Baltimore’s other chance against Cobb came in his last inning. In the eighth, still trailing only 4-1, the Orioles got a rally going when Urias singled to right, chasing Cobb, and Valaika reached on an infield single between shortstop and third base. Cedric Mullins came to the plate as the tying run, but struck out to end Baltimore’s last threat.
The hole from which the Orioles were trying to escape was dug in the first two innings. Starter Jorge Lopez was in trouble right away, beginning the game with a David Fletcher single and walks to Ohtani and Anthony Rendon.
Jared Walsh, whose at-bat would have started with a strike if Pedro Severino knew how to frame a pitch, instead turned a 1-0 count into an infield single up the middle, scoring Fletcher. The next batter, Philip Gosselin, reached on a fielder’s choice to second, scoring Ohtani and making it 2-0.
The Angels made it 3-0 in the second inning after Jose Iglesias, another Bird of yesteryear, led off with an infield single despite a nice stop by Valaika. Lopez came back to strike out Luis Rengifo, but Juan Lagares shot a double into the left-center field gap to score Iglesias. The Angels threatened further, but Lopez got a strikeout from Rendon with runners at the corners to end it.
The deficit grew to 4-1 in the fifth. Lopez was off to a great start when he got Ohtani to ground out and threw 95 miles per hour past Rendon for another strikeout, but trouble rose again when Walsh doubled over Austin Hays’s head in left, and Gosselin smacked a single over Urias’s head at shortstop to bring him in.
The final line for Lopez was four runs, all earned, on seven hits and four walks in 4.2 innings while striking out four.
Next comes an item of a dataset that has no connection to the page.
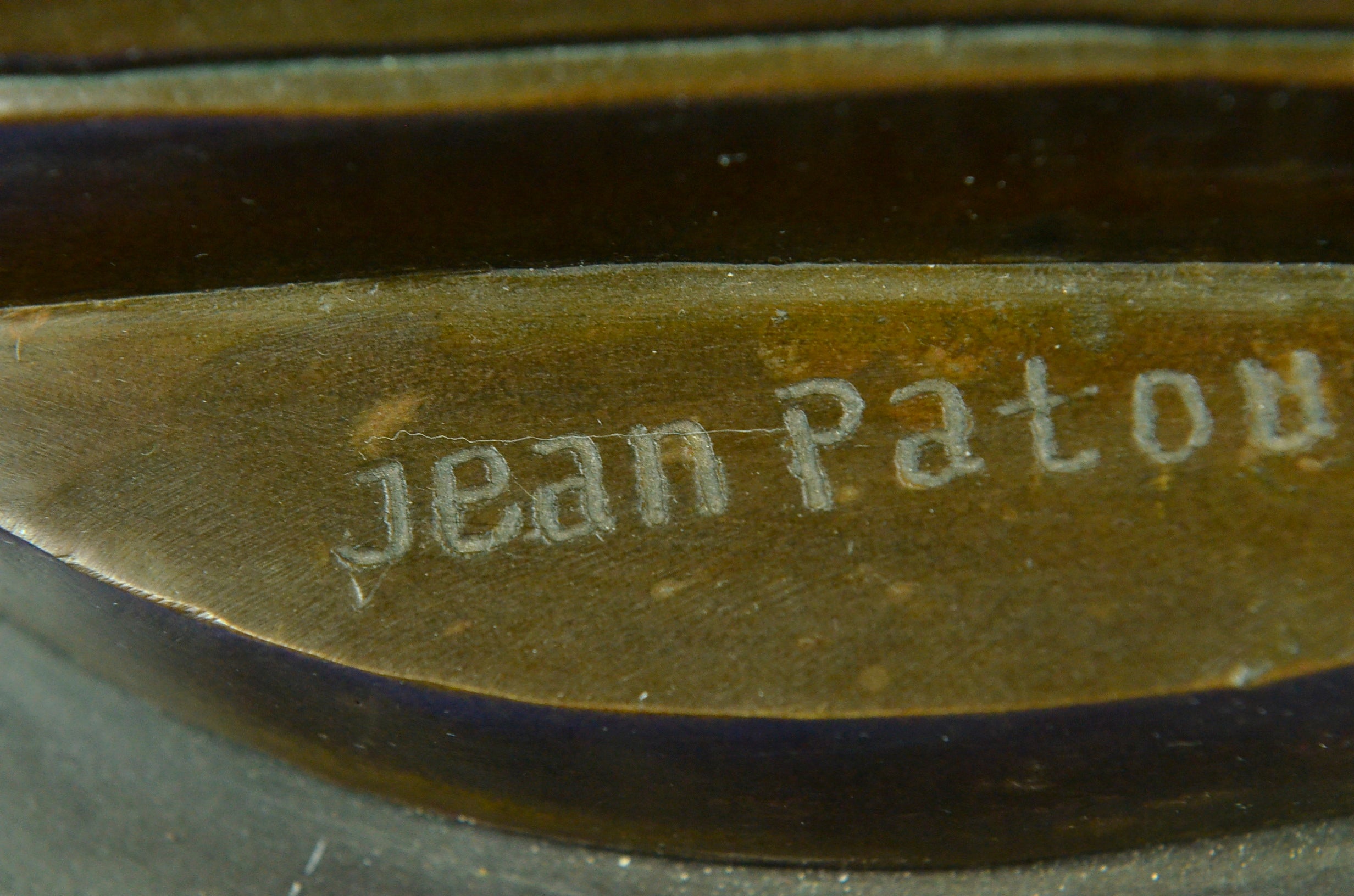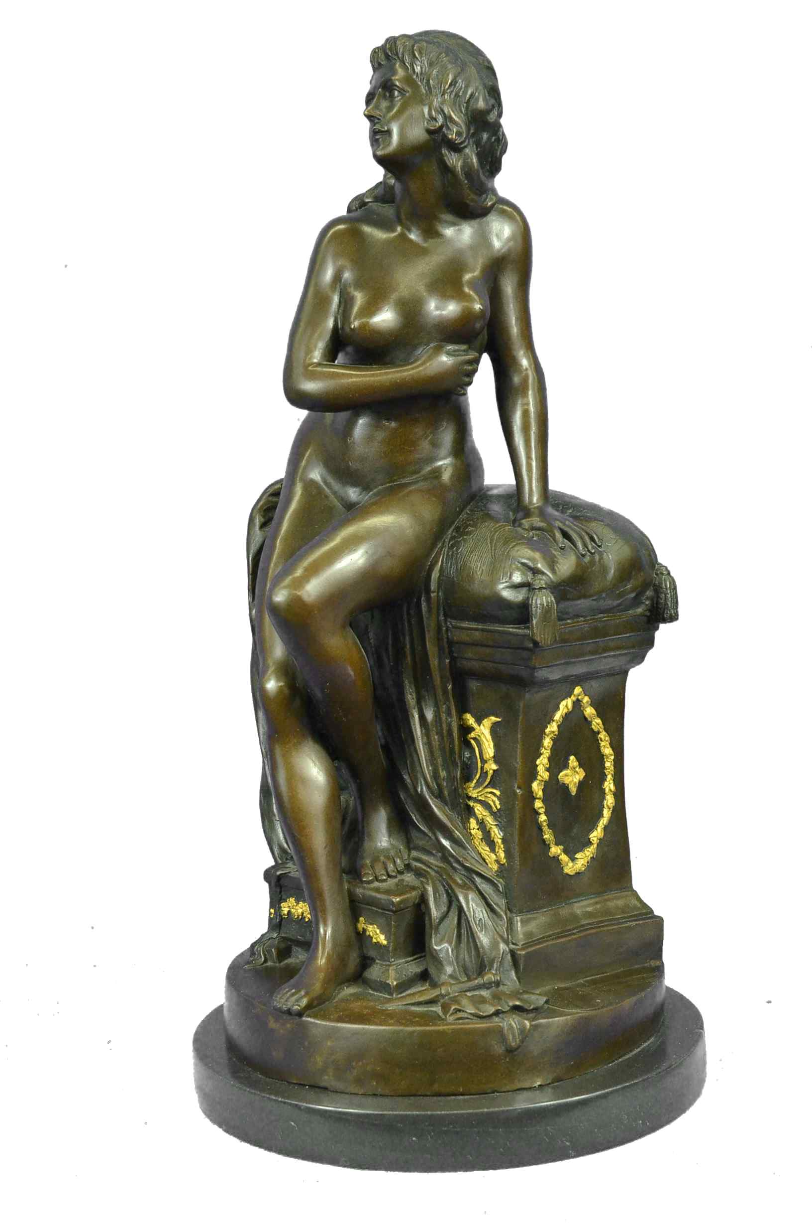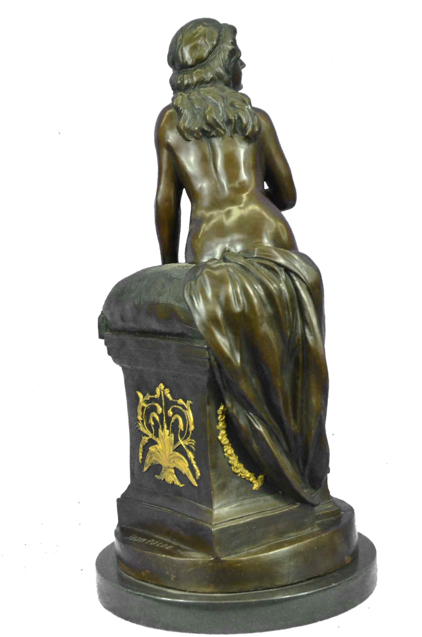 She is an artist's muse. She poses for a painting, sitting on the edge of a shut chest.She sits on a plump pillow and thin sheet that is draped over the side of the chest. She tucks her arm beneath her exposed breasts, grazing her fingertips along her skin. 100% bronze and handmade, this brown patina sculpture was cast using the "Lost Wax Method" and mounted on a marble base. It features the signature Jean Patou.Bronze Dimensions with Marble Base:Height 20" x Width 10"

He fell to 2-11 and saw his ERA rise to 6.02, but as has been the case with him more than once, he seemed to have better stuff than the stat line showed. He had an effective breaking ball and had life on the fastball throughout the start, but he was on the wrong end of some calls thanks to a tight strike zone and a poor effort from Severino. And whenever he made a mistake, it was hit.
That’s not to say Lopez pitched well; he didn’t, and he certainly wasn’t good enough to win the game tonight. But it’s easy to wonder why someone who’s 2-11 with a 6-plus ERA gets the ball every fifth game, and he showed in spurts today just why he does.
On the plus side, there was some encouraging stuff from the bullpen. Adam Plutko allowed no runs in two innings, including a yeoman effort in the sixth in which he kept the Angels off the board despite getting a passed ball and a wild-pitch-but-who-are-we-kidding-it-was-a-passed-ball from Severino that helped load the bases.
Relieving him was Isaac Mattson, who in only his second appearance threw 1.1 scoreless innings while netting a strikeout. Not a bad showing from the kid. If he can step in and be a quality arm out of the bullpen, all the better.